CROSS REFERENCE TO RELATED APPLICATIONS

This application is based on and hereby claims priority to European Application No. 06017660 filed on Aug. 24, 2006, the contents of which are hereby incorporated by reference.

BACKGROUND

Described below is a method and network entities, e.g. a radio network node like a base station or a network controller and mobile stations, for synchronizing radio communication, wherein at least one mobile station receives information from at least one first radio network node serving radio cells providing multicast communication and communicates with at least one second radio network node serving radio cells providing unicast communication.

This method is particularly used in the field of mobile radio communications, for their future evolution.

For the evolved Packet Core and the evolved UTRAN being currently discussed in standardization activities like 3GPP (Third Generation Partnership Project). So-called MBMS (Multimedia Broadcast Multicast Services) is seen as a key feature of the future mobile/cellular communications system.

Multimedia Broadcast Multicast Service (MBMS) is a broadcasting service that can be offered via existing GSM and UMTS cellular networks.
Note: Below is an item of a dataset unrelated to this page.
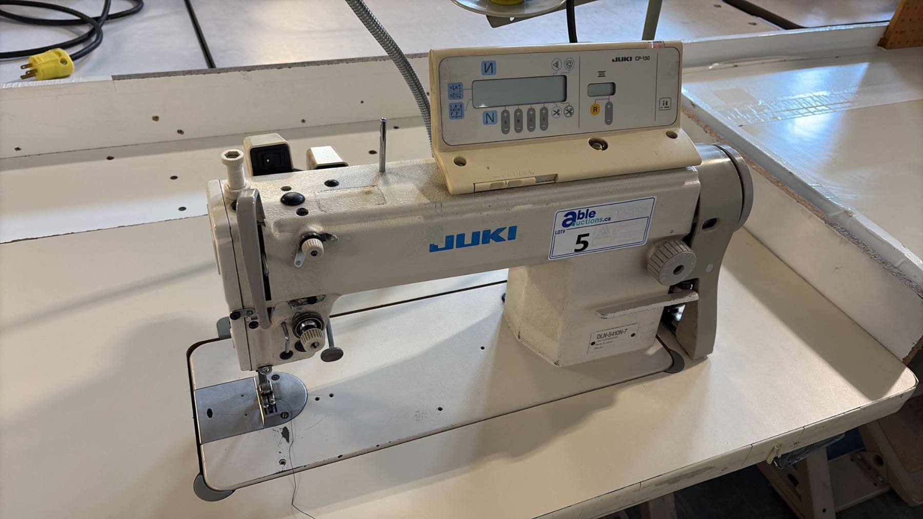 JUKI DLN-5410N-7 HIGH-SPEED, 1-NEEDLE, NEEDLE-FEED, LOCKSTITCH INDUSTRIAL SEWING STATION WITH CP-130 DIGITAL CONTROL PANEL
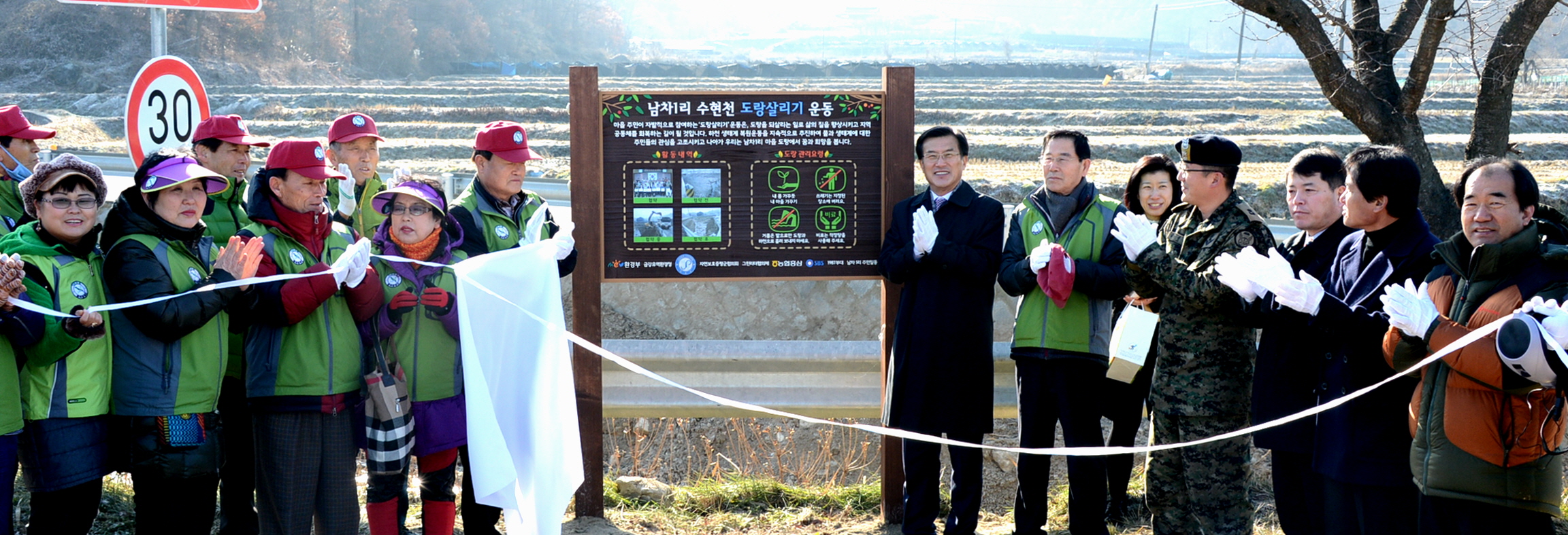 증평군은 28일 오전11시 증평읍 남차1리에서 홍성열 군수를 비롯해 자연보호증평군협의회 회원들과 마을주민 등 100여명이 참석한 가운데 수현천 도랑살리기 현판식을 가졌다.(보도자료실 참조)

The infrastructure offers an option to use an uplink channel for interaction between the service and the user, which is not a straightforward issue in usual broadcast networks, as for example digital television is only a one-way (unidirectional) system. MBMS uses multicast distribution in the core network instead of point-to-point links for each end (user) device.

In addition, in eUTRAN (i.e. LTE) MBMS shall be offered enabling soft or selective combining at the mobile station (UE), in order to improve the efficiency at the cell border. This requires high downlink synchronization accuracy. The same MBMS service broadcasted from different nodes is synchronized with a high accuracy, suited for macro diversity combining in the UEs. In OFDM systems, UE manufacturers postulate a synchronization accuracy of no less than the Cyclic Prefix of the OFDM symbol; in this way a UE in the field will be able to perform soft combining of the data streams provided by different NodeBs. If in addition a spectrum chunk of carrier is in use for MBMS and not used for any unicast service, all received signals can be constructively combined, given that DL transmissions from different NodeBs are bit-identically encoded. Therefore, provisioning of the MBMS service in DL is coverage limited only, according to the reach of the radio signals and the possibility to combine several from different sources, and not interference limited as it is the case in DL for unicast services. This is in opposite to UMTS where the DL is in general interference or (capacity limited) due to the nature of CDMA being a compound of a code stack.
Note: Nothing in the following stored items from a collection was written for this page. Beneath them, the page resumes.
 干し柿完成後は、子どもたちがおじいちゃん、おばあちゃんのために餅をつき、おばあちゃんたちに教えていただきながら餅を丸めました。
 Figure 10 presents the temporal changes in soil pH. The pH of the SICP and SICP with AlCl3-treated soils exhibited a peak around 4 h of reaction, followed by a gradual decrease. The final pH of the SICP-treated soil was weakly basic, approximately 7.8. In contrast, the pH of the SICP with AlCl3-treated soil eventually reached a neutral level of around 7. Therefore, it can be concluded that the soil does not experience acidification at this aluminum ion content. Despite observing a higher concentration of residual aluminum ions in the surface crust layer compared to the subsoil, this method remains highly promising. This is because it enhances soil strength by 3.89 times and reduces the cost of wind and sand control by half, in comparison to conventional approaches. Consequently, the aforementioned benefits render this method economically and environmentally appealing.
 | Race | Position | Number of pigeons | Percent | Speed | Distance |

For instant, FIG. 1 shows a soft or selective combining at the UE (described as combining areas e.g. S1+S3, S3+S2, S1+S2, S1+S2+S3) of two or three identical signals S1, S2, S3 from different eNBs serving radio cells S1 cell, S2 cell and S3 cell within a mobile radio communications network.
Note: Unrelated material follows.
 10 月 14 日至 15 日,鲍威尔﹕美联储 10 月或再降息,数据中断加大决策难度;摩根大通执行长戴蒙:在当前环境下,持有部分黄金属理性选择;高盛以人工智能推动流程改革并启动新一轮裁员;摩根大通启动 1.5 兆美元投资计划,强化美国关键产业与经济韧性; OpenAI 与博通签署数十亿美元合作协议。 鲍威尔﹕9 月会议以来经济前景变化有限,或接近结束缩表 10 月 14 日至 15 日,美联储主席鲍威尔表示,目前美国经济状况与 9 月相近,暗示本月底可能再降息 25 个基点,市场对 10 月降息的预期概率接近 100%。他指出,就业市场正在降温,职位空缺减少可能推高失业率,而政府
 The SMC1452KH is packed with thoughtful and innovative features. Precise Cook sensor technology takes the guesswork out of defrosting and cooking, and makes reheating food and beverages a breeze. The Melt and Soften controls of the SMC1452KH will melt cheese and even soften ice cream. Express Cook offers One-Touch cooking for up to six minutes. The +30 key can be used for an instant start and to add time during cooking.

Due to the high available BS power and support of selective or soft combining at the UE, the MBMS coverage area of a network node, e.g. BS/NodeB, can be far larger than its normal coverage area for unicast services as shown in FIG. 1.

For this reason, MBMS services may be offered over a Single Frequency Layer (SFL) in the network, used in DL from a reduced number of base stations with high transmission power capacity.

For example, in order to offer mobile TV over MBMS, the following scenario can be expected: coverage-driven rollout of mobile TV over a large geographical area (entire city, region, or even country), using a single LTE frequency chunk/band; few Node Bs, in comparison with the total amount of deployed Node Bs, would be required to broadcast the service (coverage limited and not interference limited in the DL); the UL channel for the UEs shall anyway be ensured in its own cell, a cell not necessarily assigned to the Node B offering the MBMS service). The bigger the broadcasted area, the higher the probability that the number of interested (mobile TV watching) customers is sufficiently high and justifies the use of PtM (Point to Multipoint) broadcasting.

However, the problem of the feedback from the UE to the system in the UL and its lower reach, due to lower UE power shall be solved.

In this context some relevant mechanisms should be introduced which involves

• • Communication between eNBs (evolved-Node Bs) in eUTRAN for MBMS purposes and related definition of interfaces between eNBs.
  • Decision mechanisms at eNBs in order to provide MBMS in an efficient way, in terms of appropriate coverage and use of radio resources.
  • Coordination of radio resources between evolved Node Bs for MBMS purposes.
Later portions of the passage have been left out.